RECORDED DATA: Begin

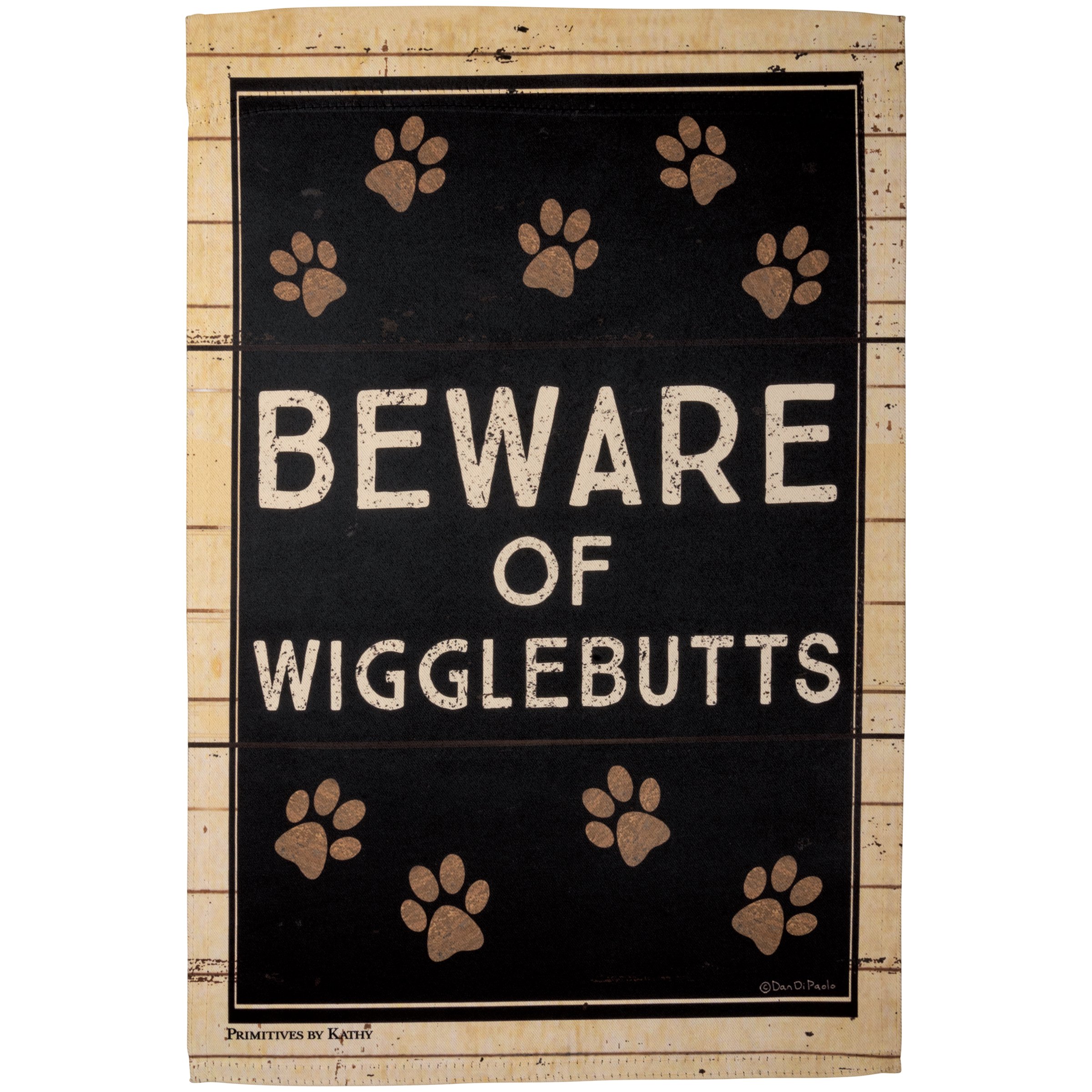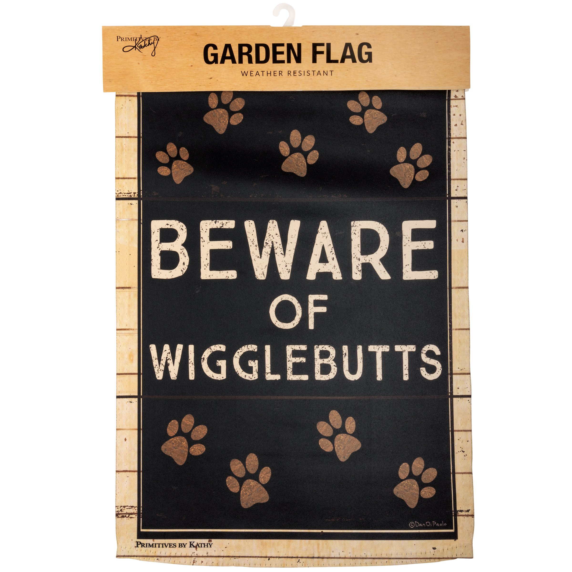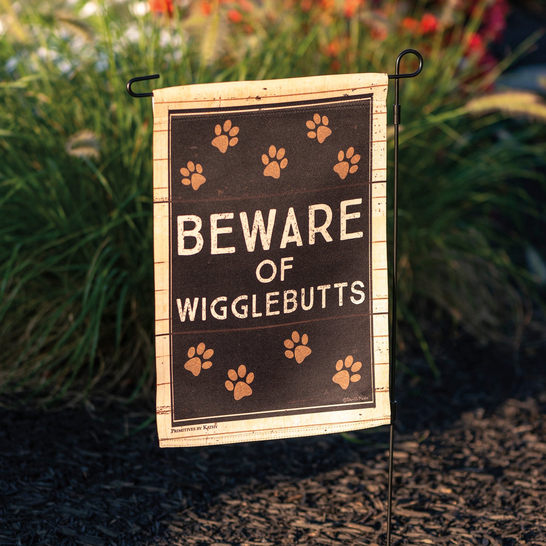A double-sided polyester garden flag featuring a rustic design with paw print icons and "Beware Of Wigglebutts" sentiment. Garden flags are weather-resistant and feature an opening to hang on our Garden Flag Pole. Hand-wash only.
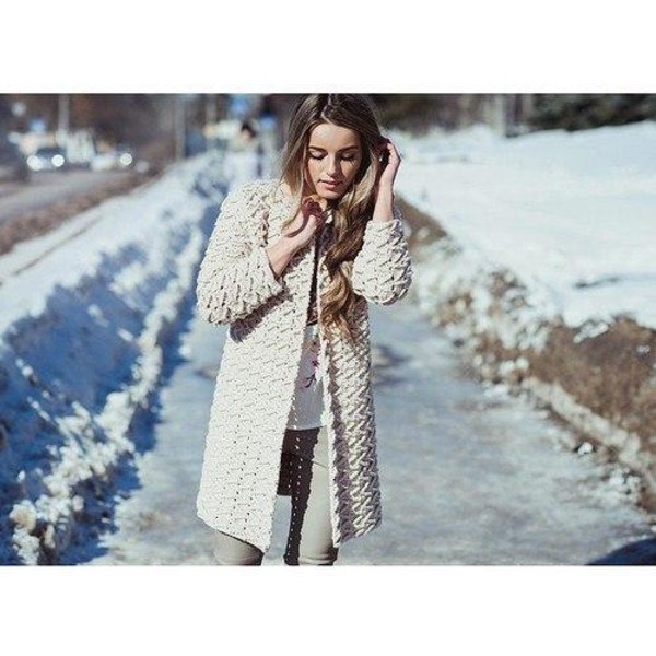 Вязаное пальто с узорамиРазмер: 44.Вам потребуется: 1200 г пряжи молочного цвета (50 % шерсть, 50% акрил, 240 м/100 г), спицы № 5, 8 пуговиц. Резинка 1 на ...
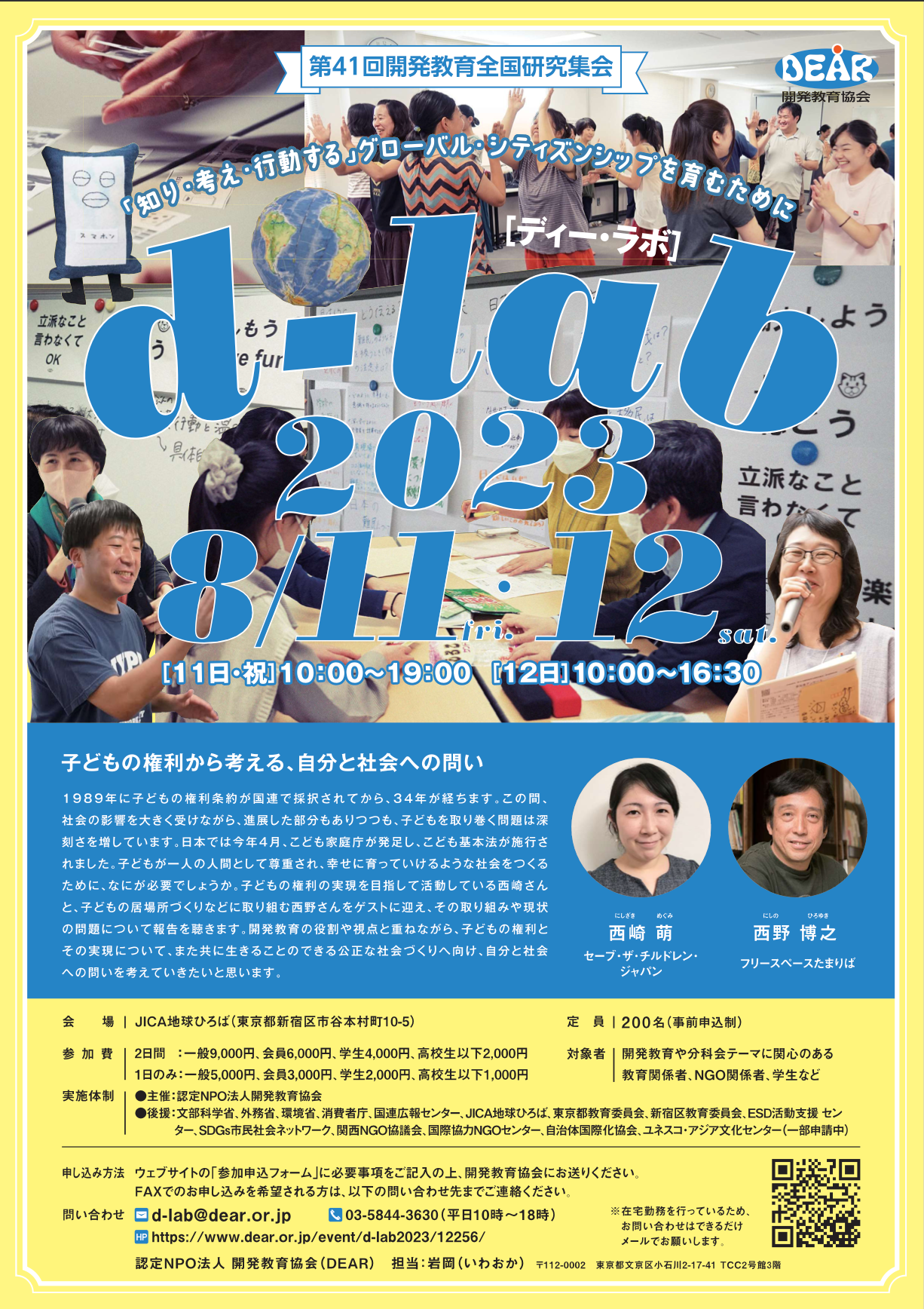 今年で41回目を迎えるd-lab(ディー・ラボ/開発教育全国研究集会)は、今年4月のこども基本法施行とこども家庭庁発足を受けて、子どもの権利を実現するために必要なこととはなにか、そして開発教育の役割や視点と重ねながら、自分と社会への問いを皆さんと一緒に考えたいと思います。全体会ではゲストに西崎萌さん(セーブ・ザ・チルドレン・ジャパン)、西野博之さん(フリースペースたまりば理事長)のお二人をお招きし「子どもの権利から考える、自分と社会への問い」についてお話ししていただきます。

RECORDED DATA: End

Without any pictures, output exactly the lines from the start of the material through the line that contains "Вязаное пальто с", and only those.

→ ANSWER FOR THIS EXERCISE
A double-sided polyester garden flag featuring a rustic design with paw print icons and "Beware Of Wigglebutts" sentiment. Garden flags are weather-resistant and feature an opening to hang on our Garden Flag Pole. Hand-wash only.
 Вязаное пальто с узорамиРазмер: 44.Вам потребуется: 1200 г пряжи молочного цвета (50 % шерсть, 50% акрил, 240 м/100 г), спицы № 5, 8 пуговиц. Резинка 1 на ...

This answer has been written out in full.